## Data extracts
· · · · · · ·

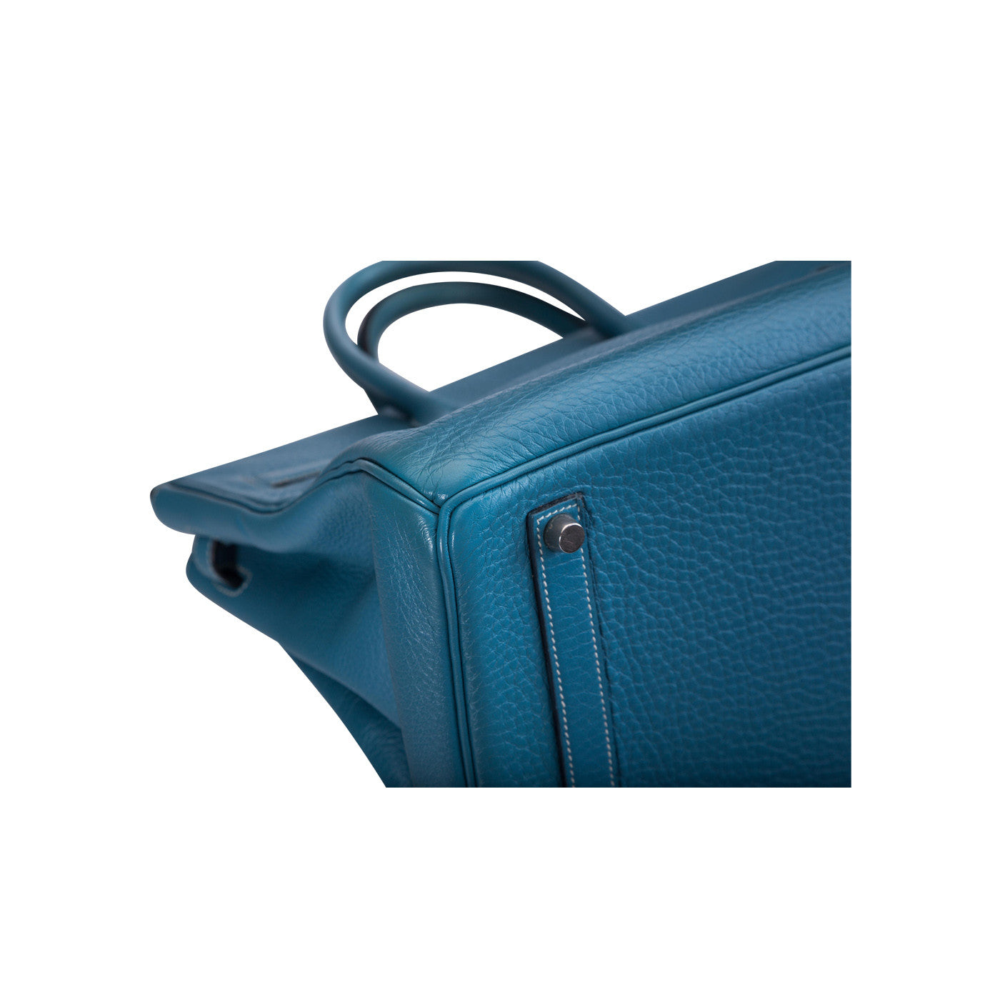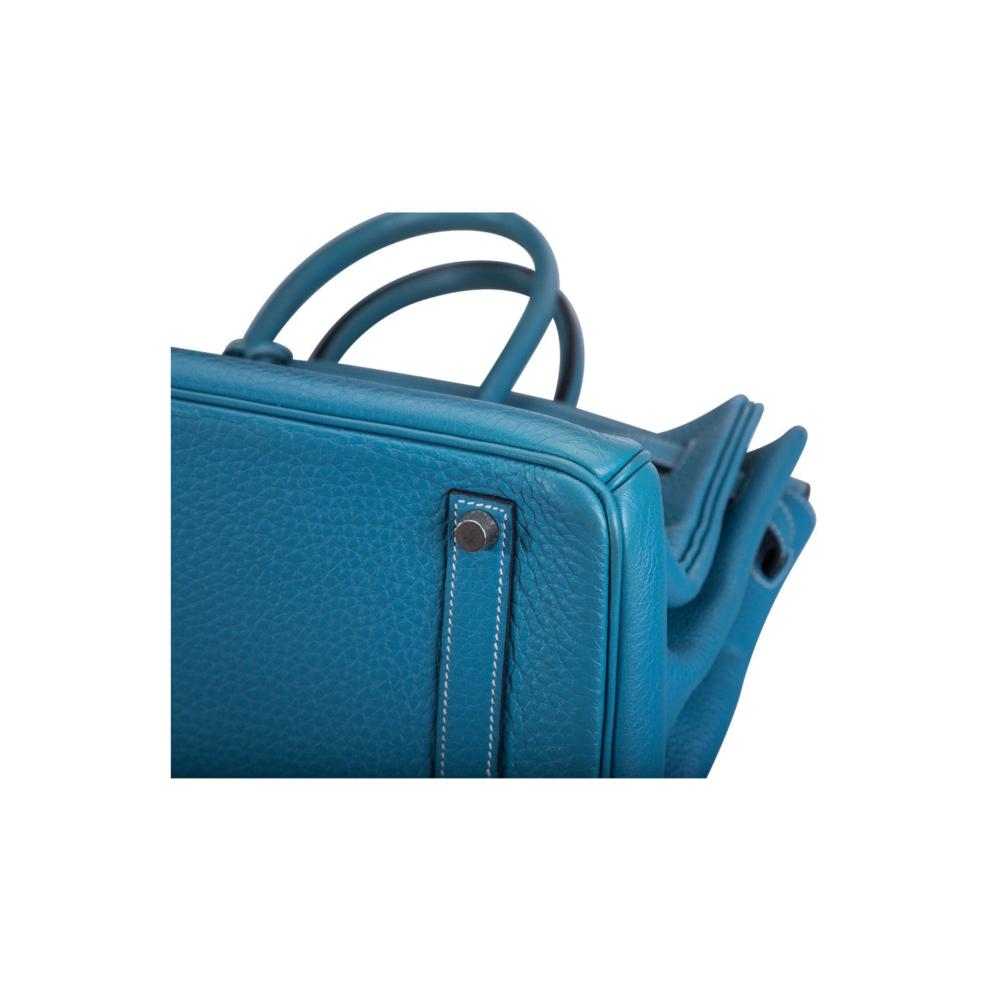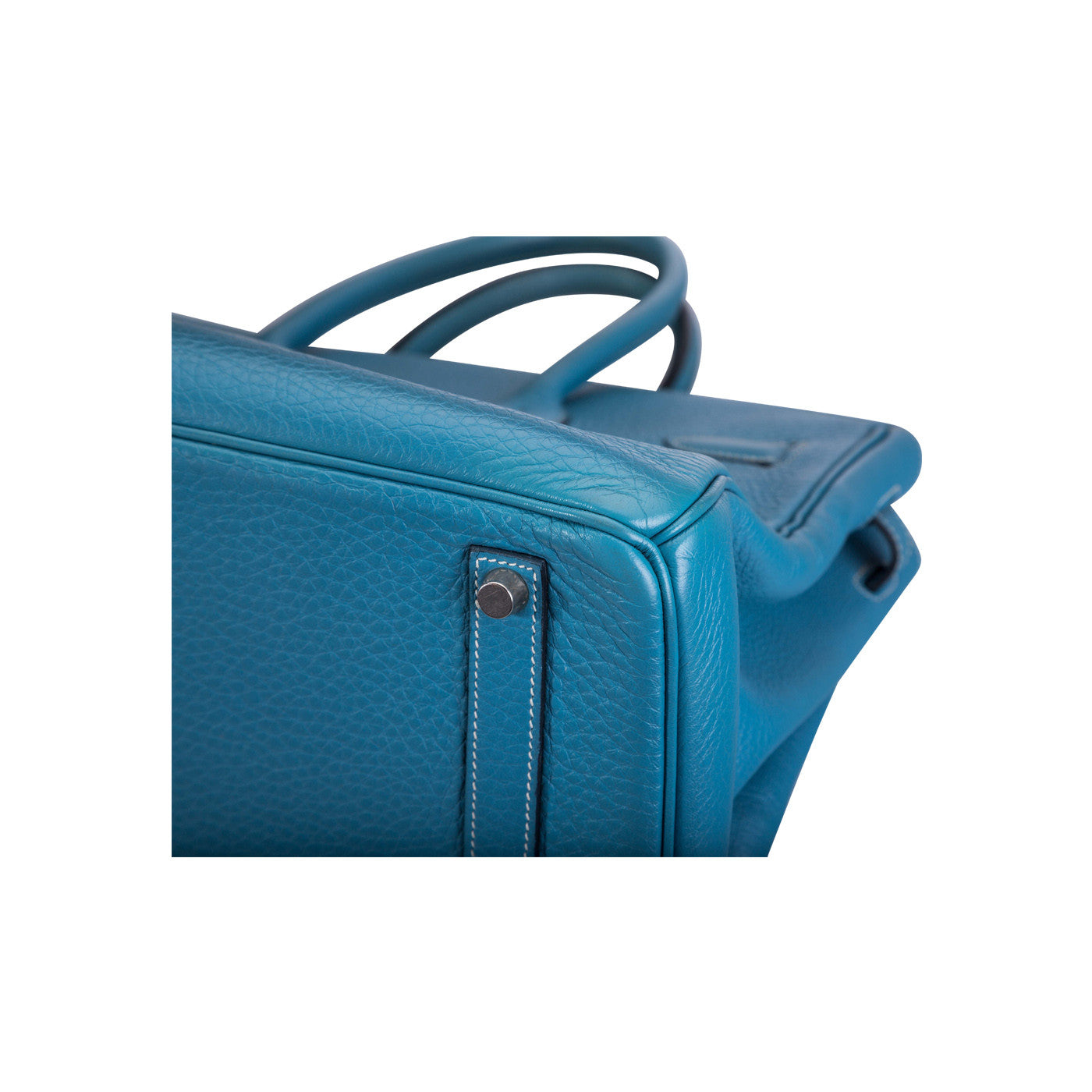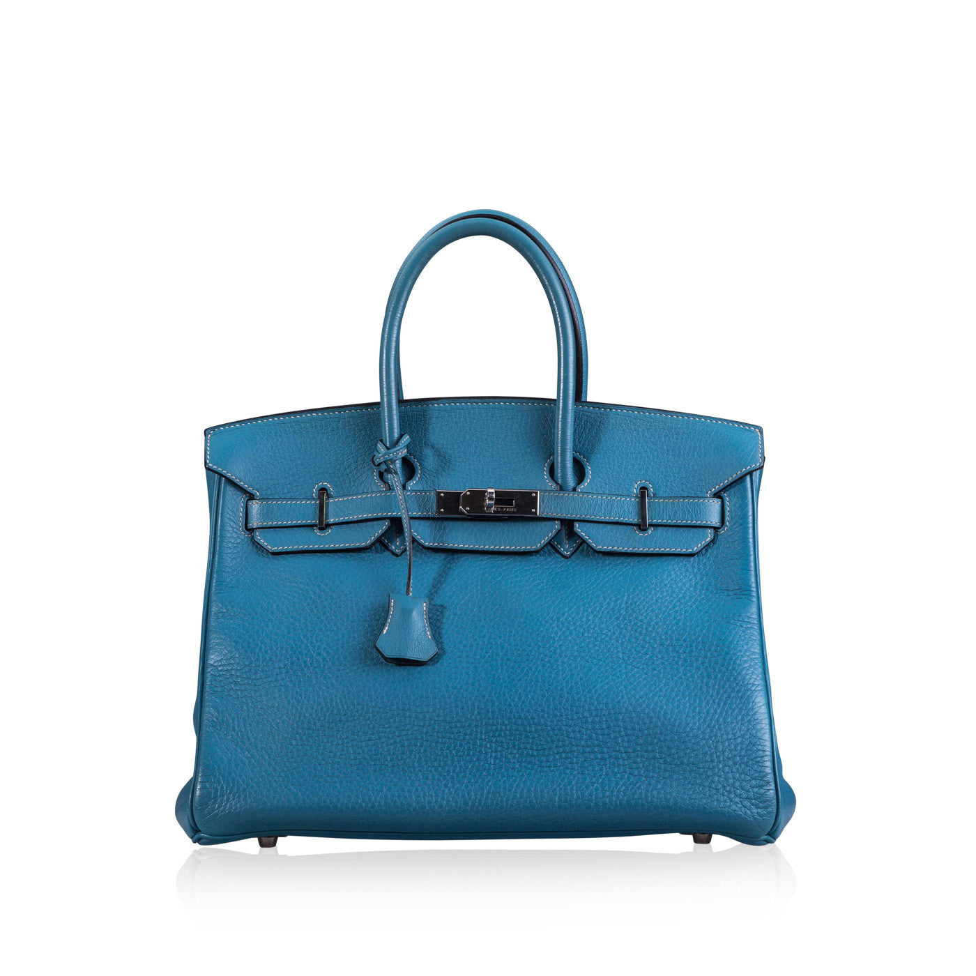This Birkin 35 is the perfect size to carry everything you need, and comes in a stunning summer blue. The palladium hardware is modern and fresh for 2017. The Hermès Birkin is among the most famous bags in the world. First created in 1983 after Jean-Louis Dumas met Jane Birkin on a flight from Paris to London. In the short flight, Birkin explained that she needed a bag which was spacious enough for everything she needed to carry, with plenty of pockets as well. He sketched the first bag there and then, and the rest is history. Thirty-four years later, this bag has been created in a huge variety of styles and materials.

· · · · · · ·

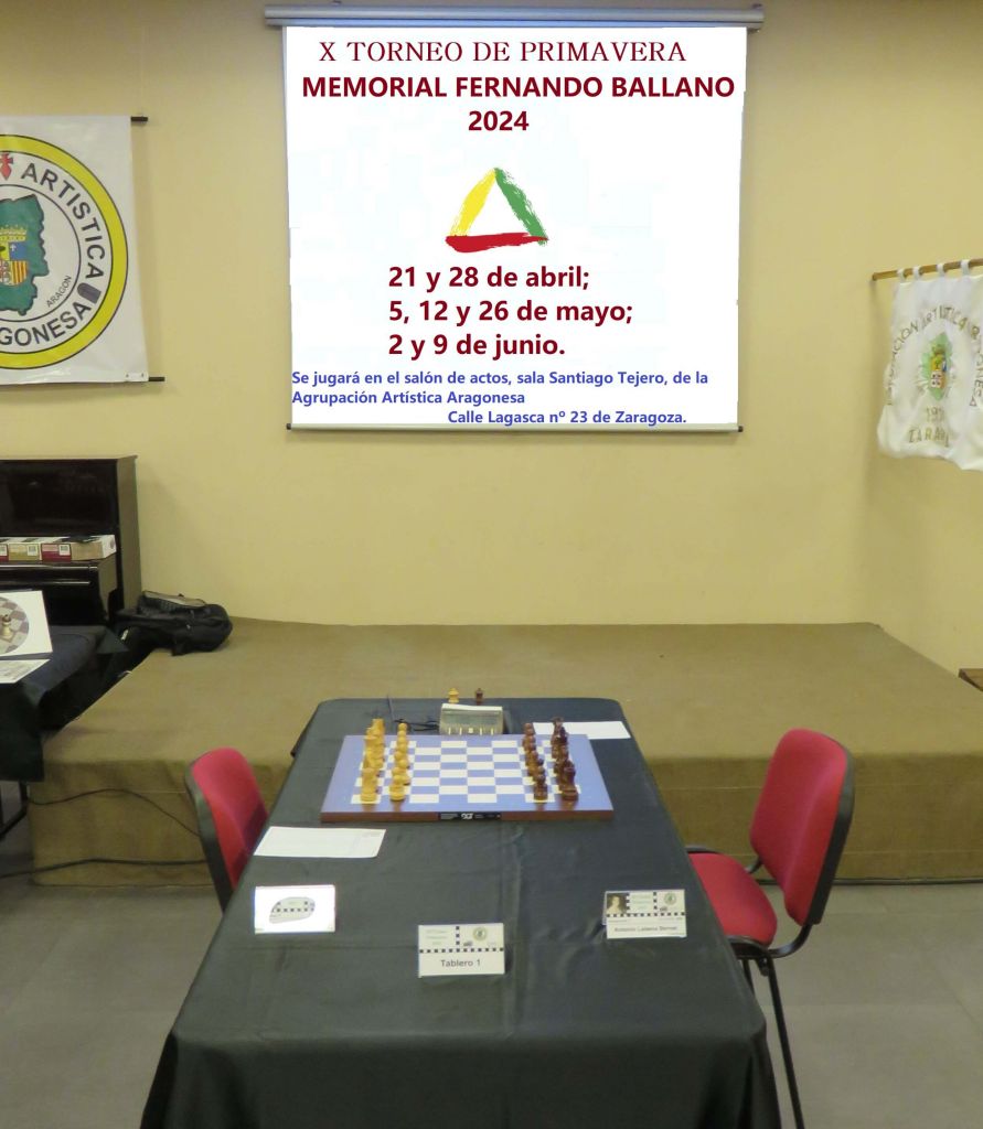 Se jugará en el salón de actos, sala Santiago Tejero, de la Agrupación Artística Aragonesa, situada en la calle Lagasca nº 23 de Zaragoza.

· · · · · · ·

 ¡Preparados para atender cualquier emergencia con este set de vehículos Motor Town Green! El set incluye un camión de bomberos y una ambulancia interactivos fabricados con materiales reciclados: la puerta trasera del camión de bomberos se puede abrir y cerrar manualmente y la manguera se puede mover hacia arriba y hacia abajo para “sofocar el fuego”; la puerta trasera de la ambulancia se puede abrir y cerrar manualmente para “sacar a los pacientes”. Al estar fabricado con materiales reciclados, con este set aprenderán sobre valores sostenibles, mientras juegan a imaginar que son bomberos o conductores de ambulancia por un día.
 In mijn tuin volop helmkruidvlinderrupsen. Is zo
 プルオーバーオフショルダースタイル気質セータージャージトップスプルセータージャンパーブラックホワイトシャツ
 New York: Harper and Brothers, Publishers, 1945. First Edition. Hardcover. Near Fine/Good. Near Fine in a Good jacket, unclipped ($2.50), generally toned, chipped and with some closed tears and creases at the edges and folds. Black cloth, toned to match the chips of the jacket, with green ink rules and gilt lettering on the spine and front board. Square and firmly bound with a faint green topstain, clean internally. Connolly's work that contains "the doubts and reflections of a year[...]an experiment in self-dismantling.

· · · · · · ·

Would you retype the lines above from the one with "In mijn tuin" down to the one with "New York: Harper", word for word, both ends included and no other lines?

 In mijn tuin volop helmkruidvlinderrupsen. Is zo
 プルオーバーオフショルダースタイル気質セータージャージトップスプルセータージャンパーブラックホワイトシャツ
 New York: Harper and Brothers, Publishers, 1945. First Edition. Hardcover. Near Fine/Good. Near Fine in a Good jacket, unclipped ($2.50), generally toned, chipped and with some closed tears and creases at the edges and folds. Black cloth, toned to match the chips of the jacket, with green ink rules and gilt lettering on the spine and front board. Square and firmly bound with a faint green topstain, clean internally. Connolly's work that contains "the doubts and reflections of a year[...]an experiment in self-dismantling.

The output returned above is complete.